Since Uber’s shareholders aim to fetch the highest possible price for the company, it is better for Uber, which remains unprofitable, to go public before its growth slows too much. If Uber times it right, it can make investors in public markets believe it is a good buy—even at a valuation greater than its most recent $68 billion.
“The challenge from an IPO perspective is, Uber is going out at something above $65 billion, so it’s hard to pitch that as a growth story,” says Anand Sanwal, chief executive of CB Insights.
This isn’t just about the law of large numbers. There are reasons to think Uber’s growth has slowed or will soon slow.First, Uber may be close to saturating the U.S. market for its primary ride-sharing service. Market researcher eMarketer predicted in May that the rate of growth in the number of Americans who use a ride-sharing service will shrink to 7.2% in 2018, from a projected 13.3% in 2017.
Of course, existing riders may use the service more often. But that alone might not be enough to justify Uber’s current valuation.
Uber touts a recent Pew finding that 15% of Americans have used either Uber or rival Lyft Inc., suggesting both companies have much room to grow. But the same study found that Uber’s core ridership is a narrow slice of the U.S.: young, urban and wealthy, with access to mass transit, taxis, car-sharing services like Zipcar and amenities within walking or biking distance.
The upshot: Uber’s explosive growth to date is effectively the low-hanging fruit of the ride-sharing market, in both revenue and profit. To continue growing at its current pace, Uber will need to penetrate suburbs and second-tier cities. Residents there are sparser and have fewer complementary transportation options, meaning they won’t yield as much revenue or as many per-capita rides as bigger, denser cities.
Advertisement
Arun Sundararajan, a professor at NYU Leonard N. Stern School of Business who has studied ride sharing, estimates that roughly half of Americans live in areas that aren’t dense enough to support ride sharing.

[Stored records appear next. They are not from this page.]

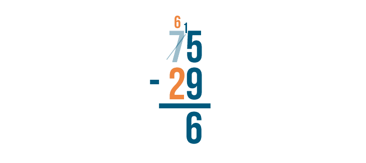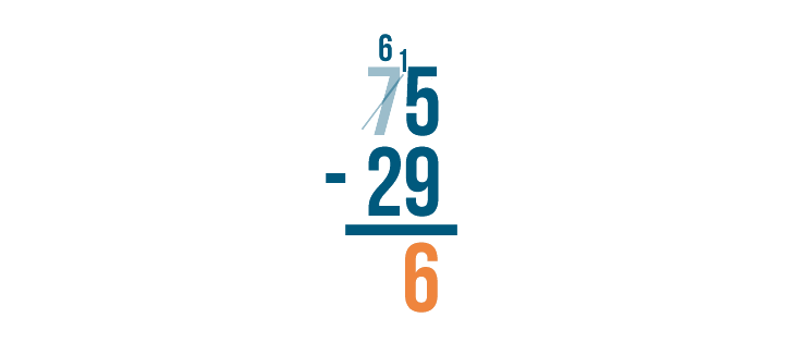 7 - 1 = 6. To help us remember that we subtracted 1, we'll cross out the 7 and write 6 above it.
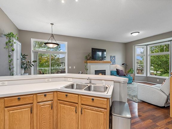 Wonderful 3 bedroom 3 bath townhome with easy access to downtown Lakeville, schools and parks. South-facing end unit with lots of light. Primary bedroom has its own private 3/4 bath and walk-in closet. Lower level has a nice-sized family room and a third bedroom and 3/4 bath. Main level features hardwood floors, vaulted ceiling, gas fireplace and walks out to deck. Quick possession is possible. Priced to sell.
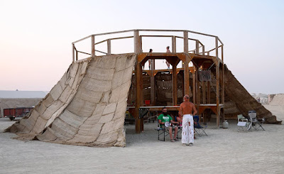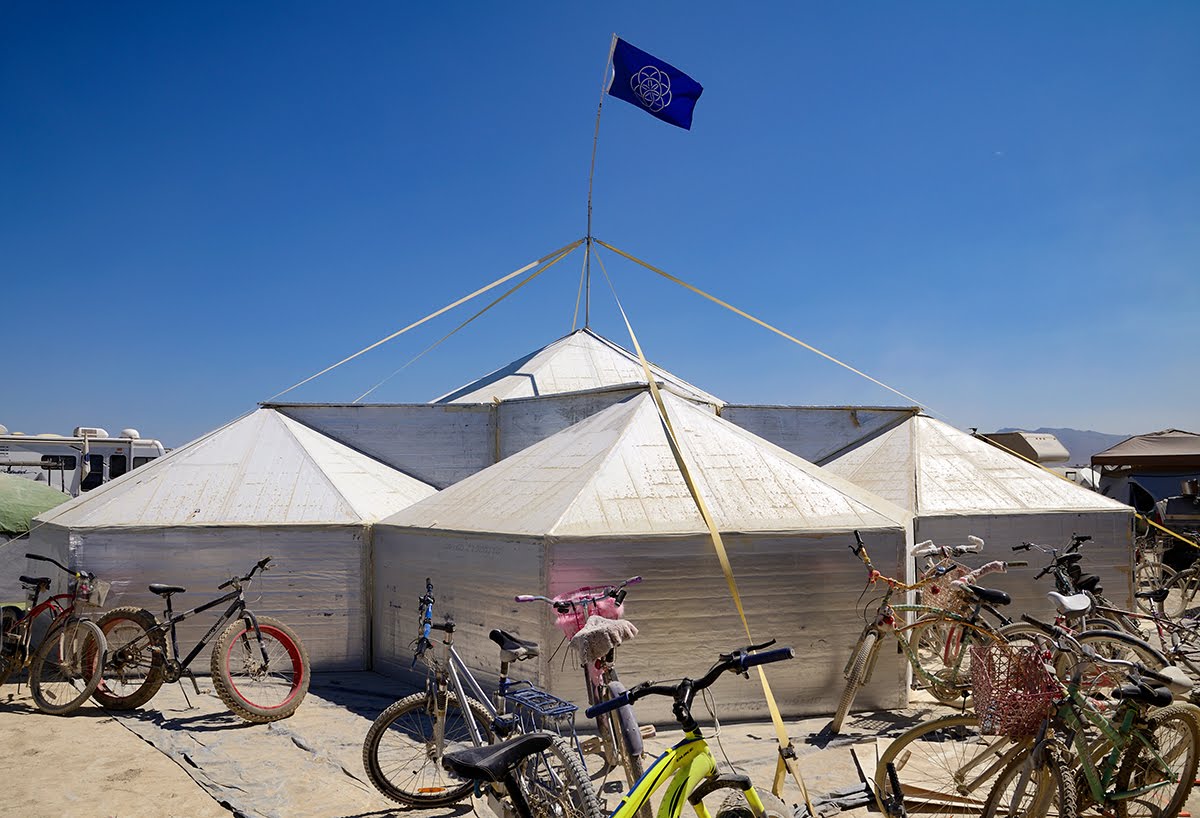 Hotel California Camp built with the space cubes and nodes engineered by artist Gregg Fleishman and Scott Mahoney of Lost Hotel fame
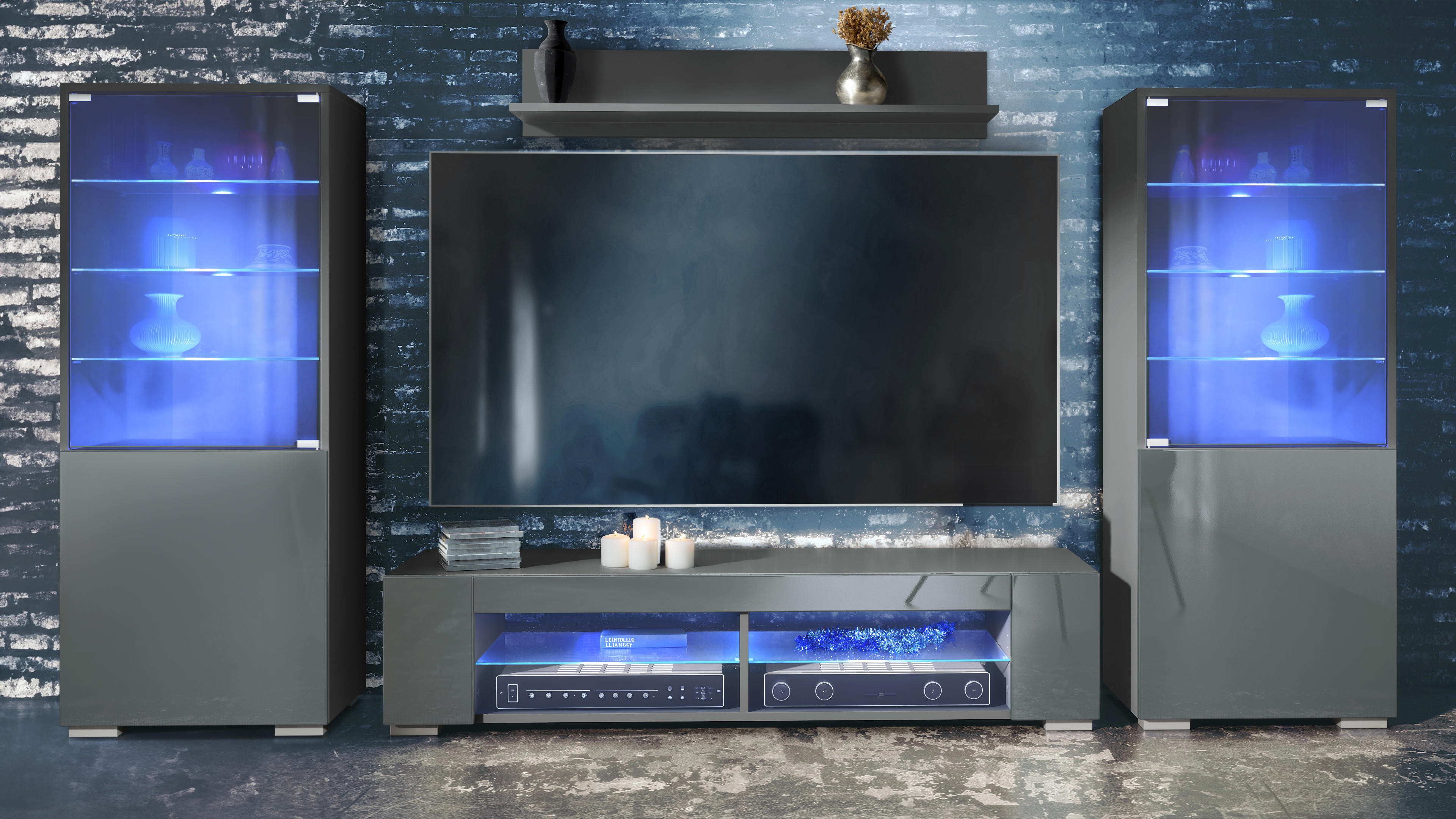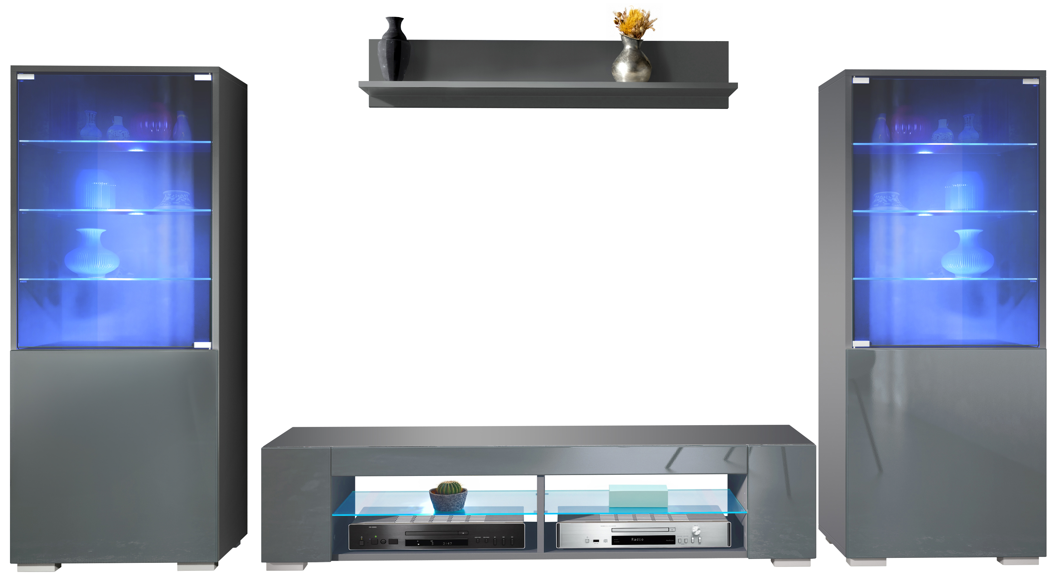 Produktinformationen "Wohnwand 4-tlg. Nevada V2 Anthrazit LED bestehend aus 2 Vitrinen, 1 TV-Board und 1 Wandregal inkl. LED Anthrazit matt/Grau Hochglanz (304,5 x 141 x 39 cm)"
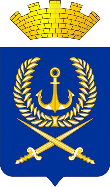 Герб Вилючинска. В лазоревом поле якорь, окруженный разомкнутым вверху лавровым венком, внизу два обнаженных морских кортика накрест; все фигуры золотые. Щит увенчан муниципальной короной.
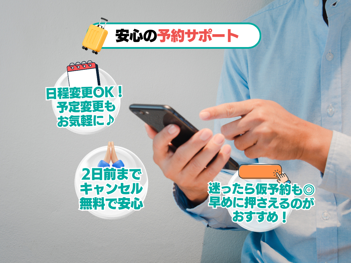 実施会社の確認連絡をもって予約の確定としています。予めご了承ください。 リクエストとは - ※予約枠ごとに料金が異なる場合がございます。
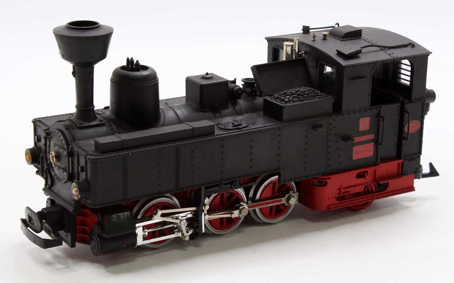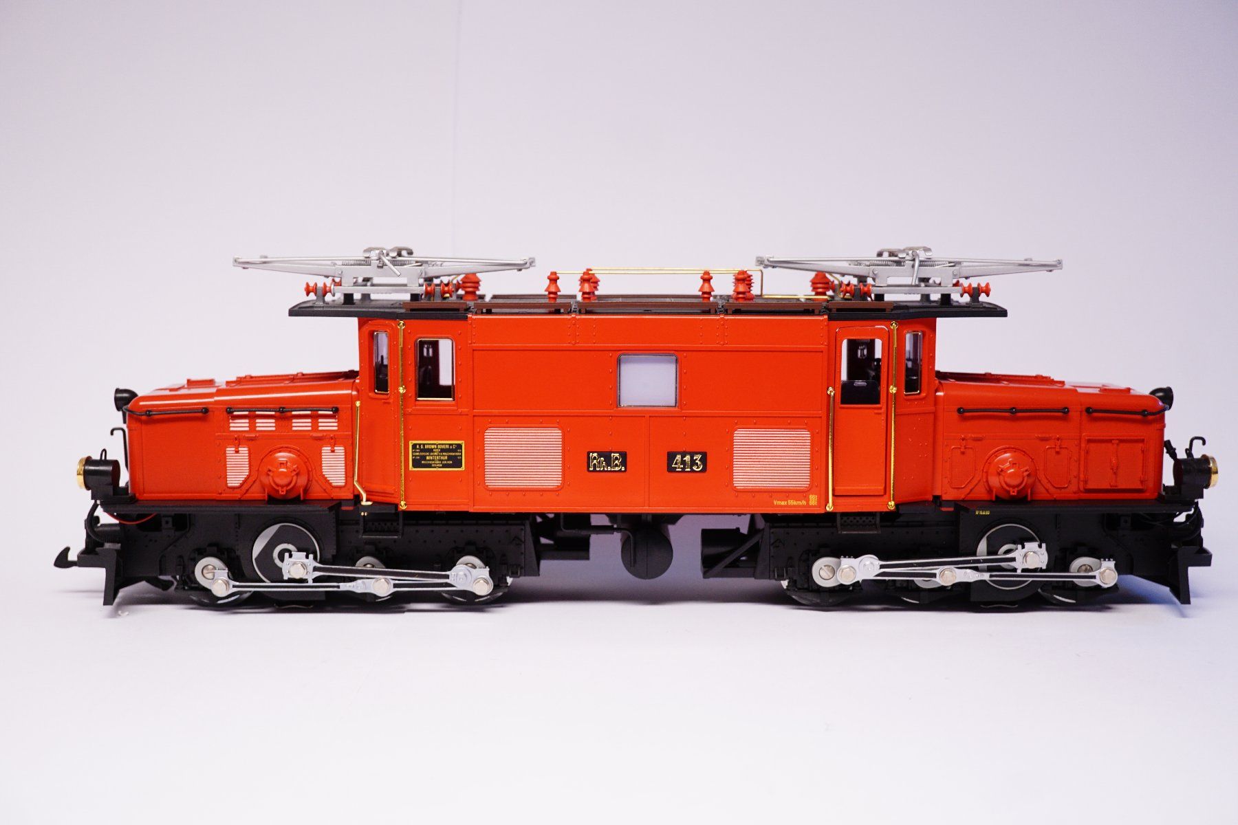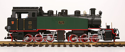 Das LGB Modell ist eine exakte Nachbildung dieser formschönen Lok: Antrieb auf allen sechs Treibrädern. 2 zusätzliche Schieneschleifer.Ein elektronisches 5-Volt-Begrenzungssystem sorgt dafür, dass schon bei Langsamfahrten die Beleuchtung gleich bleibend hell leuchtet und der Rauchentwickler in Betrieb gesetzt wird. Über ein Dreiwegschiebeschalter lassen sich die verschiedenen Funktionen einstellen.
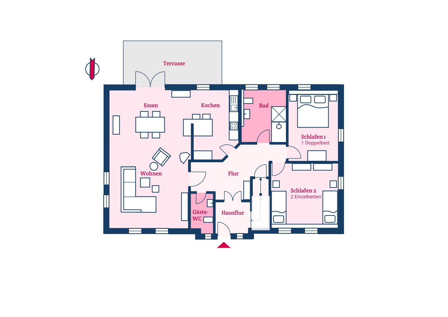 Die Ferienwohnung ist vollständig im Erdgeschoss gelegen und unterteilt sich in einen großzügigen Wohn- und Essbereich mit offener Küche, zwei Schlafzimmer - eines mit einem Doppelbett und eines mit zwei Einzelbetten -, ein Duschbad und ein Gäste-WC. Über den Essbereich gelangen Sie direkt auf die eigene Terrasse und in den gemeinschaftlichen Garten. Der Kaminofen im Wohnbereich sorgt auch an kühleren Tagen für eine angenehme Atmosphäre.

At the same time, Uber will face increasing pressure from competitors and its own drivers to shrink its margins in the U.S. “Ride sharing is a commodity business in the long run, so there’s plenty of room for multiple players,” Mr. Sundararajan says.
Conventional wisdom holds that ride sharing is a winner-take-all market. But Uber’s many domestic competitors, and the ease with which it has been copied overseas, suggest the barriers to entry are less about technology and more about access to capital.
A second avenue for Uber to grow is outside the U.S., where the company already is in more than 400 cities and in 72 countries. China is now closed off, but a person familiar with Uber’s plans says that the company is redirecting resources, including 150 engineers who worked exclusively on China, to other markets, including Latin America and Southeast Asia.
The person also said China had accounted for almost 40% of Uber’s trips, but 15% of its revenue. That illustrates a big issue Uber, and others like Facebook Inc., FB 0.02 % face overseas: Markets outside the developed world are far less lucrative.
In the first six months of this year, Uber said it completed a billion rides, doubling its lifetime total to two billion since March 2009. To the extent that growth is mostly outside the U.S., it adds little to revenue and, by the company’s own account, subtracts from profit.
Uber has also talked about arranging for delivery of goods, as well as people. But here, too, Uber doesn’t appear to have any special advantage, and faces big, sophisticated competitors, including Amazon.com Inc AMZN 0.35 % .
Then, there is technology. But the company’s much-touted aspirations to replace drivers with self-driving cars will likely bear fruit only for investors willing to wait decades.
Mr. Kalanick has said that Uber will plan an IPO “as late as possible,” but has declined to specify when that might be. The company is sitting on about $13 billion in cash and available credit and debt, according to the person familiar with the company’s plans. That means Uber doesn’t need to go public to fund its current business.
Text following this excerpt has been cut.